YOUR ASSIGNMENT:
A faithful copy is required of the lines from the top of the entries through the line that contains "Pantalón de tiro", both included, with no pictures.

Entries taken from a collection:
________

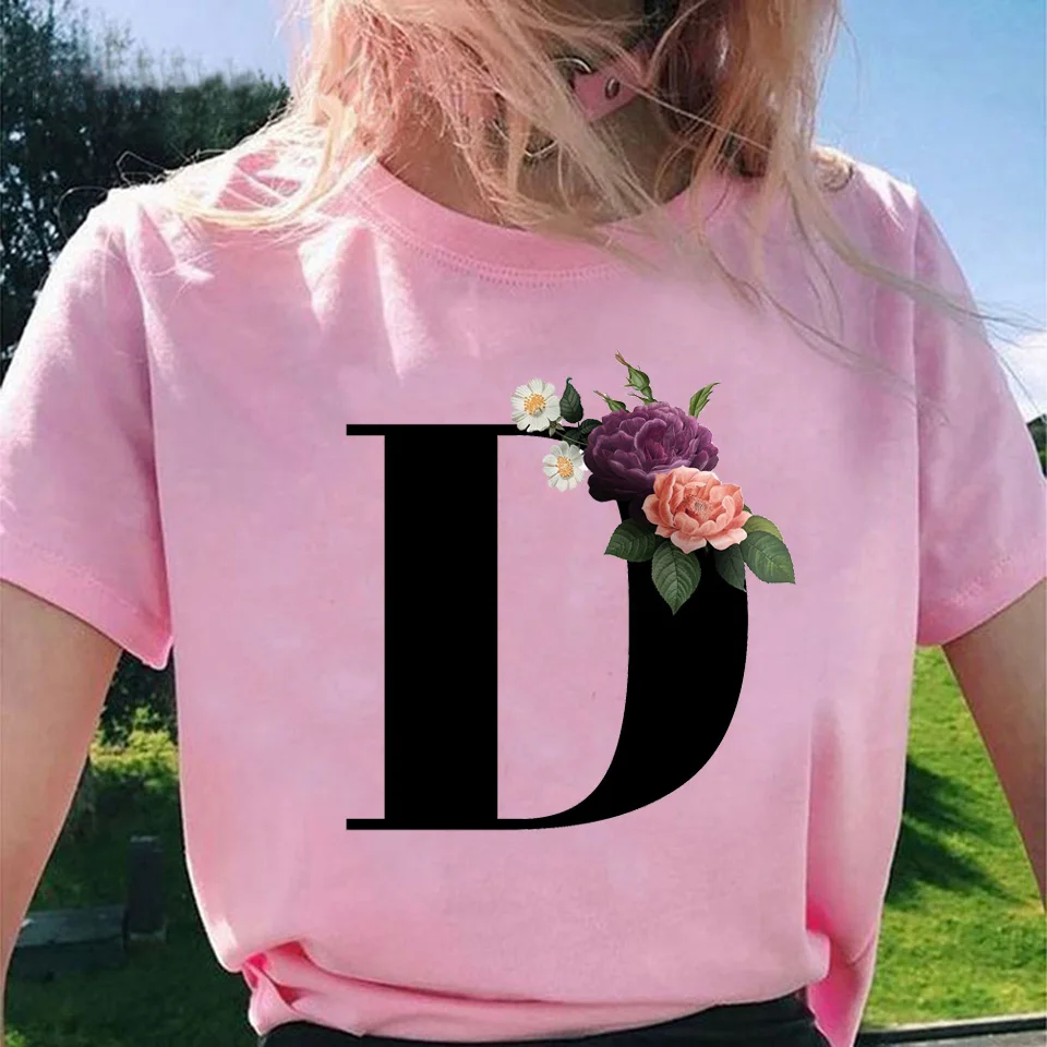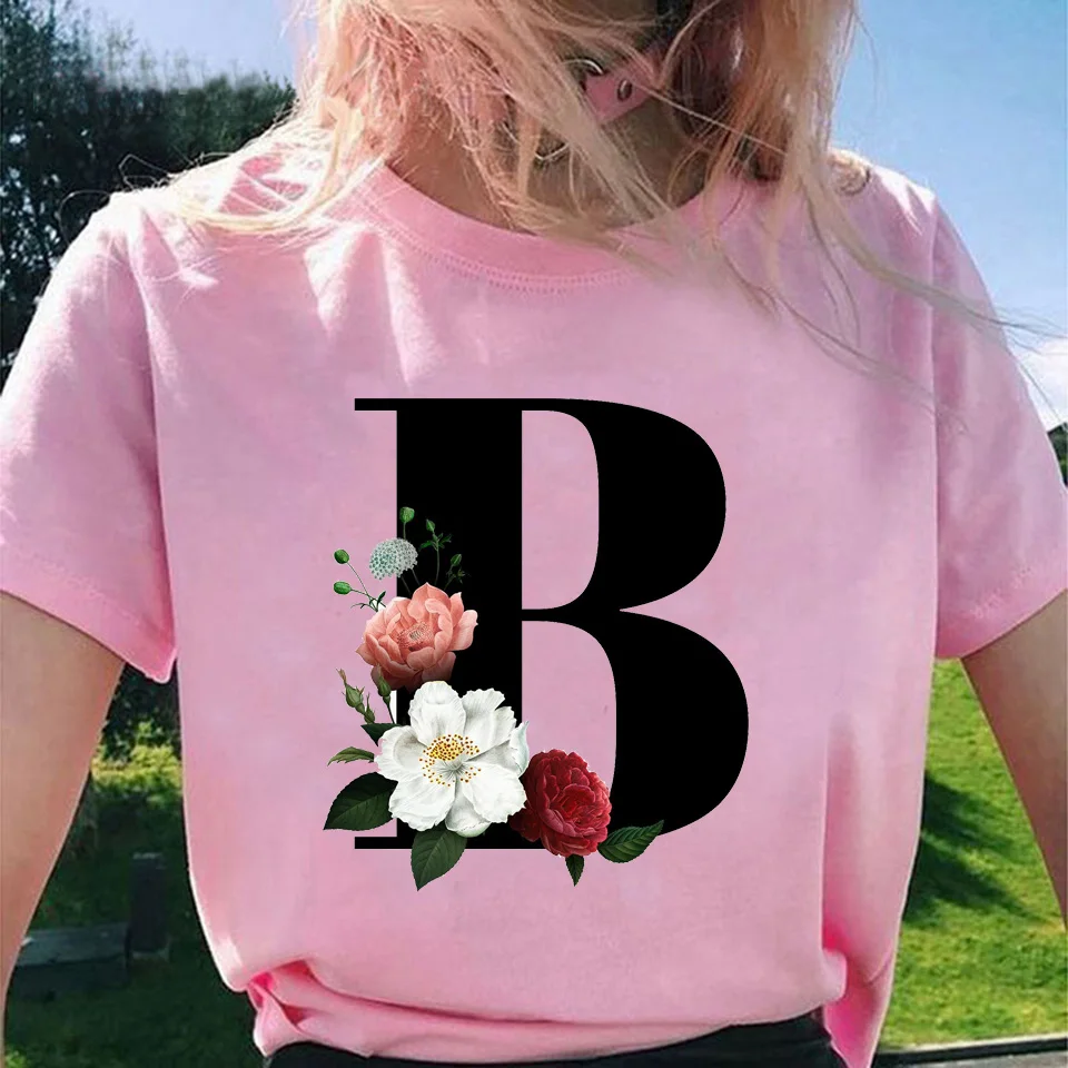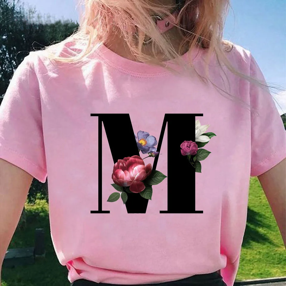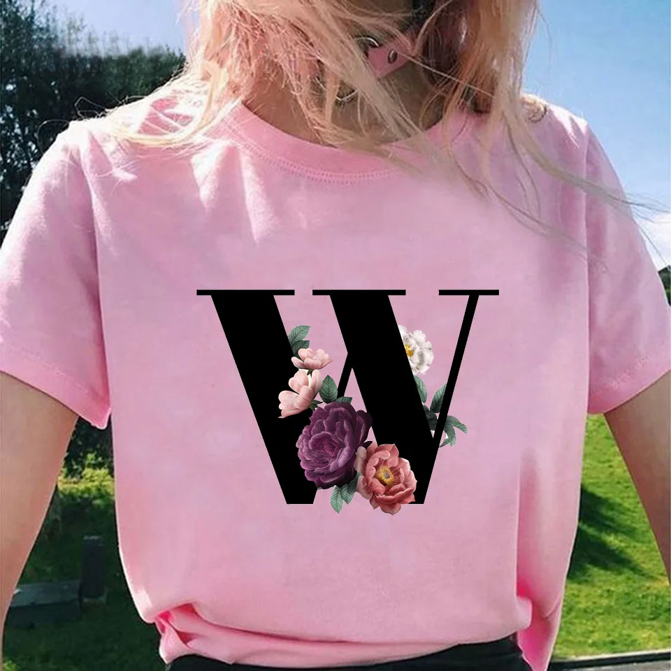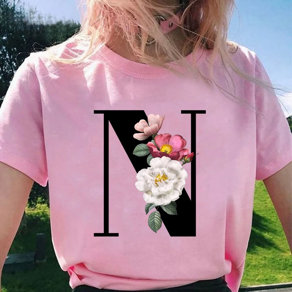 Модные топы для женщин, классические, элегантные, цветочные, 26 букв, принт с буквами, Harajuku, футболка, Ropa Mujer, Kpop, футболки 2020, эстетическая футболка
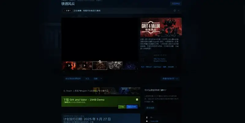 《铁锈风云》是由Milky Tea Studios制作、Megabit Publishing发行的一款平行世界第二次世界大战柴油朋克实时战术Roguelite游戏,而这款游戏的发售时间就是2025 年 3 月 27 日,游戏预载时间大概是前一天,到时候注意一下即可。
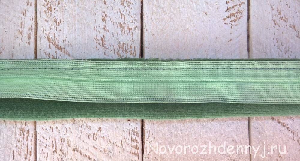- Прошиваем край на защитной планке, выворачиваем. Прилаживаем нашу молнию, пристрачиваем.
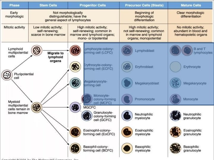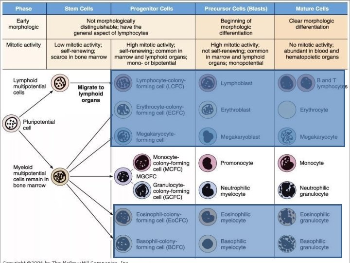 LYMPHOPOIESIS • CFU-Ly membagi membentuk CFU-LYB dan CFU-LYT • CFU-LYB bermigrasi ke "lokasi bursa-setara", dibagi → B limfosit • CFU-LYT mengalami mitosis bermigrasi ke Timus → limfosit T
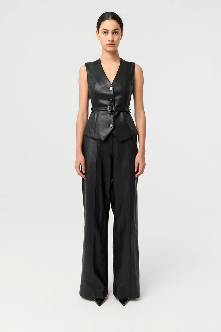 Pantalón de tiro alto con diseño de pierna ancha, ideal para un estilo sofisticado y moderno. Presenta una silueta fluida con cierre central, bolsillos diagonales y detalles de alforzas en el frente, brindando una estructura elegante y versátil para diversos eventos. Su corte favorecedor permite un calce cómodo y preciso, convirtiéndose en una prenda esencial para elevar cualquier conjunto tanto de día como de noche.
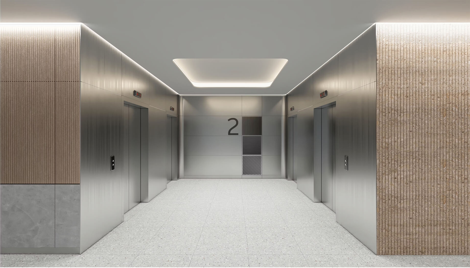 Парковочные пространства спроектированы с учетом потоков въезда и выезда, обеспечивая безопасность и комфорт. VIP-паркинг на первом уровне здания имеет прямой доступ к входной группе, что подчеркивает статусность проекта и удобство для компаний премиум-сегмента.
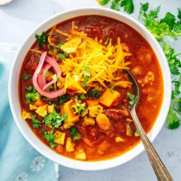 Aqui está uma receita de sopa de outono favorita: Pimentão De Abóbora! Adicionar purê de abóbora ao pimentão adiciona um corpo intensamente cremoso e saboroso a este prato clássico. (Não temos certeza de como passamos tanto tempo sem ele!) Este é farto e saudável, cheio de temperos, batata-doce e feijão.
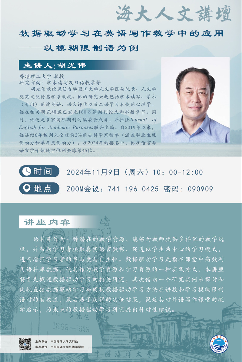 海大人文講壇2024年第84講-胡光偉:數(shù)據(jù)驅(qū)動(dòng)學(xué)習(xí)在英語(yǔ)寫(xiě)作教學(xué)中的應(yīng)用 一一以模糊限制語(yǔ)為例
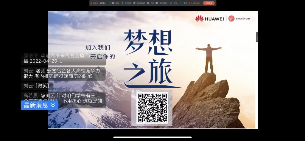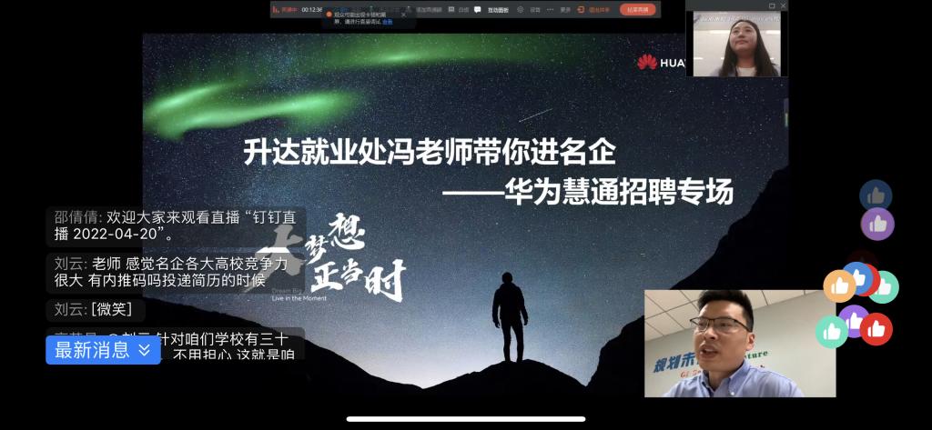 华为慧通河南代表处校招负责人邵经理在直播间以PPT和问答交流方式向我校毕业生介绍了华为平台、消费者业务、智造业务(新能源汽车)、全屋智能、智慧办公、校园招聘等方面,讲述了晋升路径、薪酬回报、工作氛围,提高了同学们对华为集团的认识。通过对招聘岗位、岗位职责、岗位要求以及华为人才管理讲解,激发了同学们的求职热情,增强了同学们到华为慧通公司求职的意愿,同学们纷纷参与互动问答。此外,华为慧通也为入职人员提供华为总部以及海外就业机会,只要工作能力满足,全球业务岗位均可以内推。最后,邵经理对同学们关于简历投递、岗位福利、面试等问题进行了一一解答。

________

TASK SOLUTION:
 Модные топы для женщин, классические, элегантные, цветочные, 26 букв, принт с буквами, Harajuku, футболка, Ropa Mujer, Kpop, футболки 2020, эстетическая футболка
 《铁锈风云》是由Milky Tea Studios制作、Megabit Publishing发行的一款平行世界第二次世界大战柴油朋克实时战术Roguelite游戏,而这款游戏的发售时间就是2025 年 3 月 27 日,游戏预载时间大概是前一天,到时候注意一下即可。
- Прошиваем край на защитной планке, выворачиваем. Прилаживаем нашу молнию, пристрачиваем.
 LYMPHOPOIESIS • CFU-Ly membagi membentuk CFU-LYB dan CFU-LYT • CFU-LYB bermigrasi ke "lokasi bursa-setara", dibagi → B limfosit • CFU-LYT mengalami mitosis bermigrasi ke Timus → limfosit T
 Pantalón de tiro alto con diseño de pierna ancha, ideal para un estilo sofisticado y moderno. Presenta una silueta fluida con cierre central, bolsillos diagonales y detalles de alforzas en el frente, brindando una estructura elegante y versátil para diversos eventos. Su corte favorecedor permite un calce cómodo y preciso, convirtiéndose en una prenda esencial para elevar cualquier conjunto tanto de día como de noche.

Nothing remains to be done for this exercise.